*WHAT TO DO*
Output the first line below and each one after it, exactly, up to and including the line holding "- Color: This". Pictures should not be copied.

*DATA SECTION*

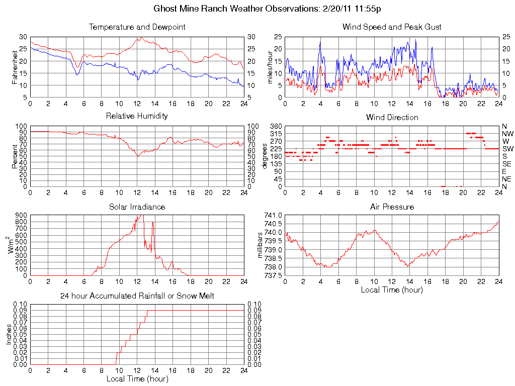 Temperature (F) 16.8 16.8 @ 23:55 29.9 @ 12:30 23.4
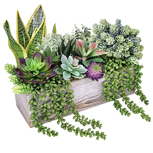 - Color: This artificial succulent plant arrangement is overflowing with a wide variety of faux succulents in various shades of green and purple with lots of texture. The succulents come artfully potted in a distressed wooden planter box given a rustic look to blend in any farmhouse decor style. Natural pebbles are added for realism.
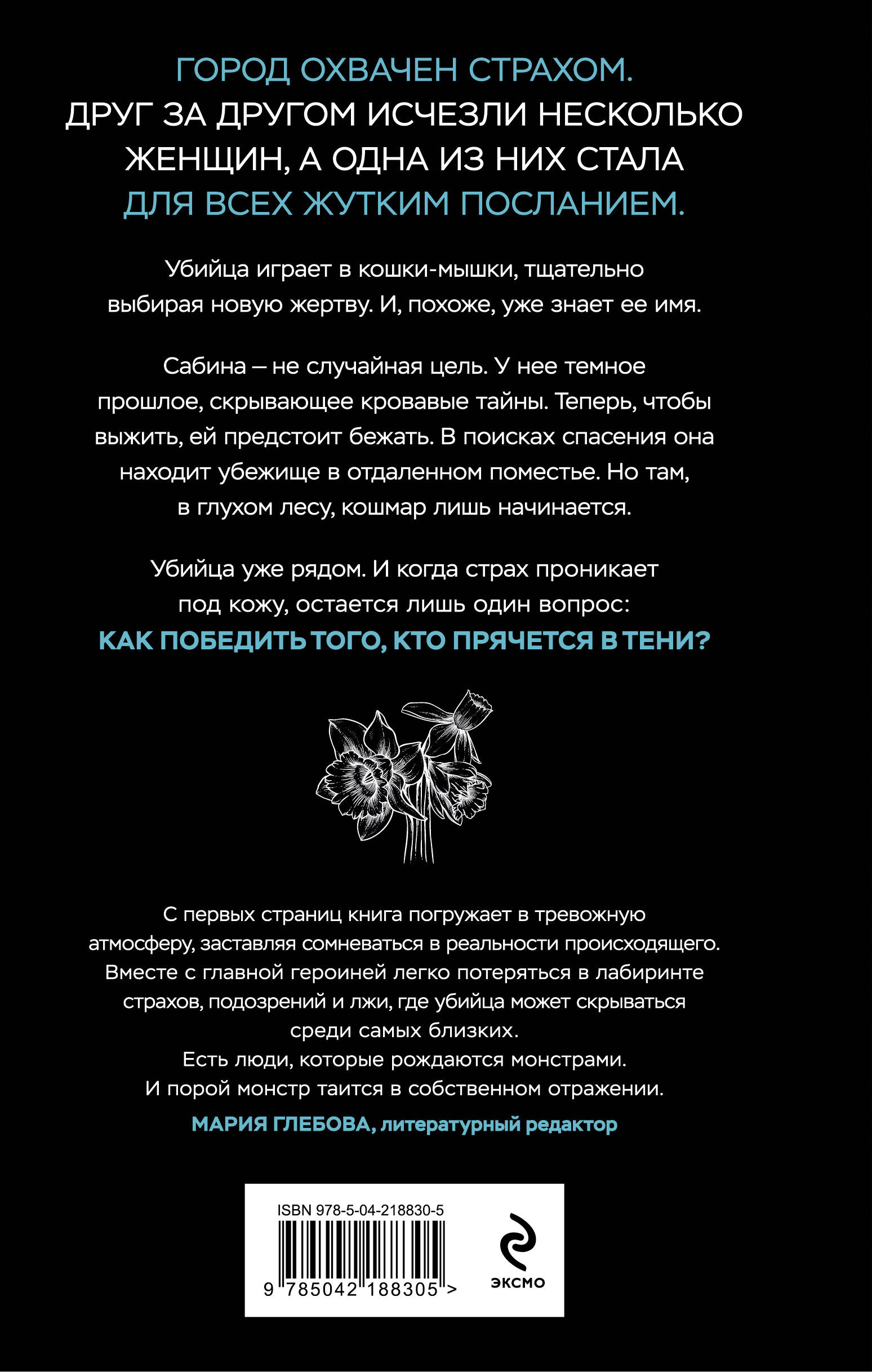 Город охвачен страхом. Друг за другом исчезли несколько женщин, а одна из них стала для всех жутким посланием. Убийца играет в кошки-мышки, тщательно выбирая новую жертву. И, похоже, уже знает её имя. Сабина - не случайная цель. У неё тёмное прошлое, скрывающее кровавые тайны. Теперь, чтобы выжить, ей предстоит бежать. В поисках спасения она находит убежище в отдалённом поместье. Но там, в глухом лесу, кошмар лишь начинается. Убийца уже рядом. И когда страх проникает под кожу, остаётся лишь один вопрос: как победить того, кто прячется в тени?| Издательство | ООО "Издательство "Эксмо" |

*SOLUTION TO THIS EXERCISE*
 Temperature (F) 16.8 16.8 @ 23:55 29.9 @ 12:30 23.4
 - Color: This artificial succulent plant arrangement is overflowing with a wide variety of faux succulents in various shades of green and purple with lots of texture. The succulents come artfully potted in a distressed wooden planter box given a rustic look to blend in any farmhouse decor style. Natural pebbles are added for realism.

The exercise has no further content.